Cami: Mis recuerdos más mágicos son siempre de la playa y del mar y a medida que voy creciendo, voy recordando esos momentos y eso es lo que me hace feliz. Para mí es eso, me siento bien en el agua. En cambio en tierra, en una ciudad me siento perdida y siempre me falta algo.

Fede: Mi existencia siempre ha girado alrededor del océano. En diferentes formas en diferentes etapas. O sea a través de la música, a través de las películas, a través de las series en momentos en los cuales estaba obligado a vivir fuera de mi ecosistema propio, que es la playa o el mar, y luego ya elegí que la presencia del océano sea constante.

Explicarlo en palabras a veces resulta difícil y eso que a lo largo de la historia de la humanidad, siempre ha existido esa misteriosa fascinación por el mar. Sin ir más lejos, en el siglo pasado nos lo mostró Jacques Cousteau, probablemente el oceanógrafo más conocido del mundo, a través de su pasión por el océano. Incluso los científicos han mostrado interés por el tema y no son pocos los estudios que demuestran que el mar estimula el cerebro de forma positiva.

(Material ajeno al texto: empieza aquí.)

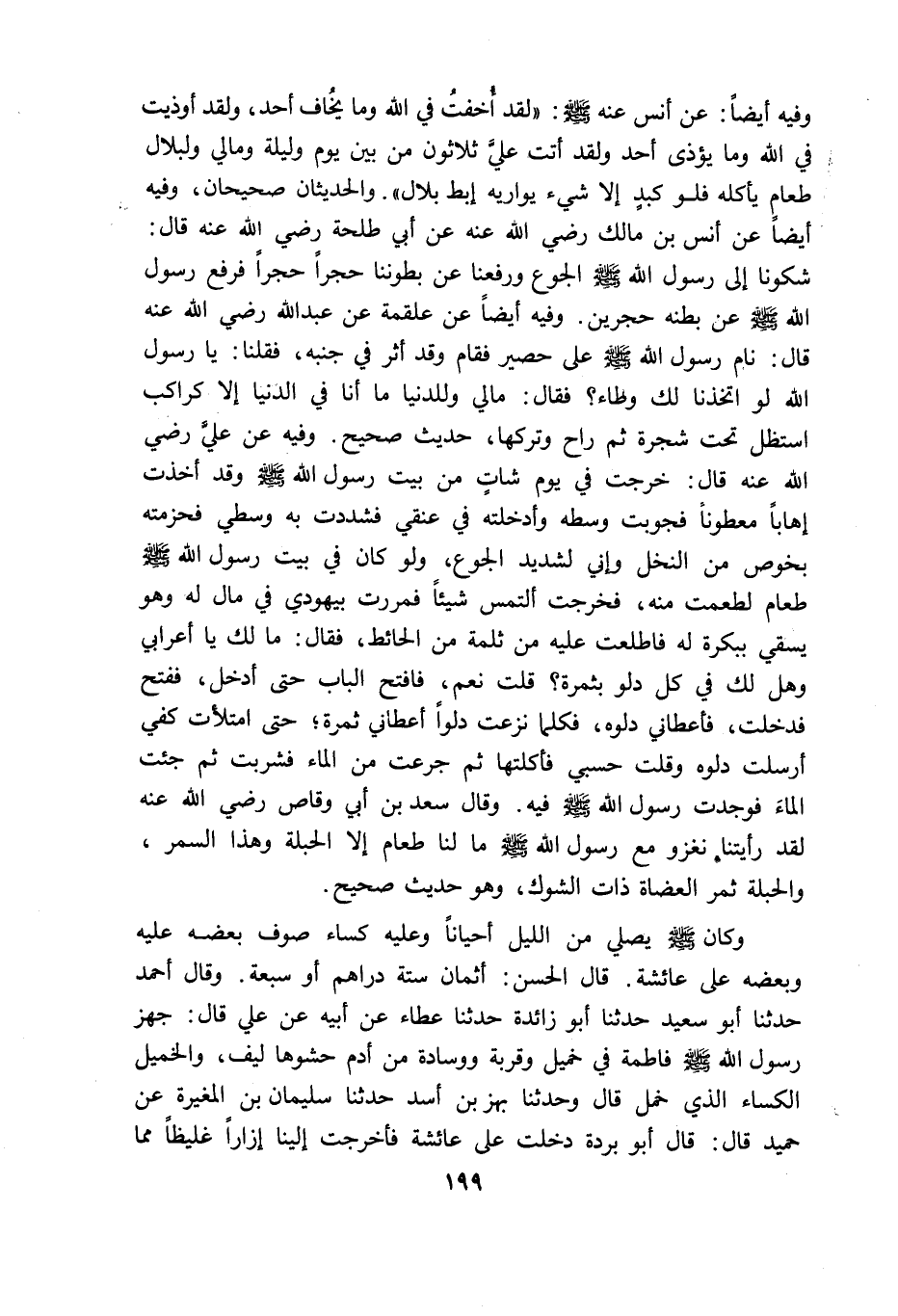 وفيه أيضا عن أنس عنه: "لقد اخفت فى الله وما يخاف أحد ولقد أوذيت فى الله وما يؤذى أحد ولقد أتت على ثلاثون من بين يوم وليلة ومالى ولبلال طعام يأكله ولبد إلا شئ يواريه إبط بلال" والحديثان صحيحان وفيه ايضا عن أنس بن مالك رضى الله عنه عن أبى طلحة رضى الله عنه قال: "شكونا الى رسول الله الجوع ورفعنا عن بطوننا حجرا حجرا فرفع رسول الله عن بطنه حجرين" وفيه أيضا عن علقمة عن عبد الله رضى الله عنه قال: "نام رسول الله على حصير فقام وقد اثر فى جنبه فقلنا يا رسول الله لو اتخذنا لك وطاء فقال مالى وللدنيا ما أنا فى الدنيا الا كراكب استظل تحت شجرة ثم راح وتركها" حديث صحيح وفيه عن على رضى الله عنه قال: "خرجت فى يوم شات من بيت رسول الله وقد أخذت اهابا معطونا فجوبت وسطه وأدخلته فى عنقى فشددت به وسطى فحزمته بخوص من النخل وانى لشديد الجوع ولو كان فى بيت رسول الله طعام لطعمت منه فخرجت التمس شيئا فمررت بيهودى فى مال له وهو يسقى ببكرة له فاطلعت عليه من ثلمة من الحائط فقال مالك يا أعرابى وهل لك فى كل دلو بتمرة قلت نعم فافتتح الباب حتى أدخل ففتح فدخلت فأعطانى دلوه فكلما نزعت دلوا أعطانى تمرة حتى امتلأت كفى أرسلت دلوه وقلت حسبى فأكلتها ثم جرعت من الماء فشربت ثم جئت الماء فوجدت رسول الله فيه وقال سعد بن ابى وقاص رضى الله عنه لقد رأيتنا نغزو مع رسول الله ما لنا طعام الا الحبلة وهذا السمر والحبلة ثمر العضاة ذات الشوك" وهو حديث صحيح

Aún así, las personas más terrestres dirían seguramente que no es para tanto, que es una fantasía nada más. Incluso me puedo imaginar algún que otro que diría algo como "Vamos, madura, ya no eres niño.". ¿A qué sí? Y ahí está. El punto donde empieza a ponerse interesante. Donde se diferencian dos, o incluso más, tipos de personas. Y mientras unos no pueden comprender por qué cambiar todo un estilo de vida por ejemplo para estar cerca del mar, otros tienen claro que aunque lo primero que aprendemos es a movernos en tierra, la existencia no se limita sólo a la orilla.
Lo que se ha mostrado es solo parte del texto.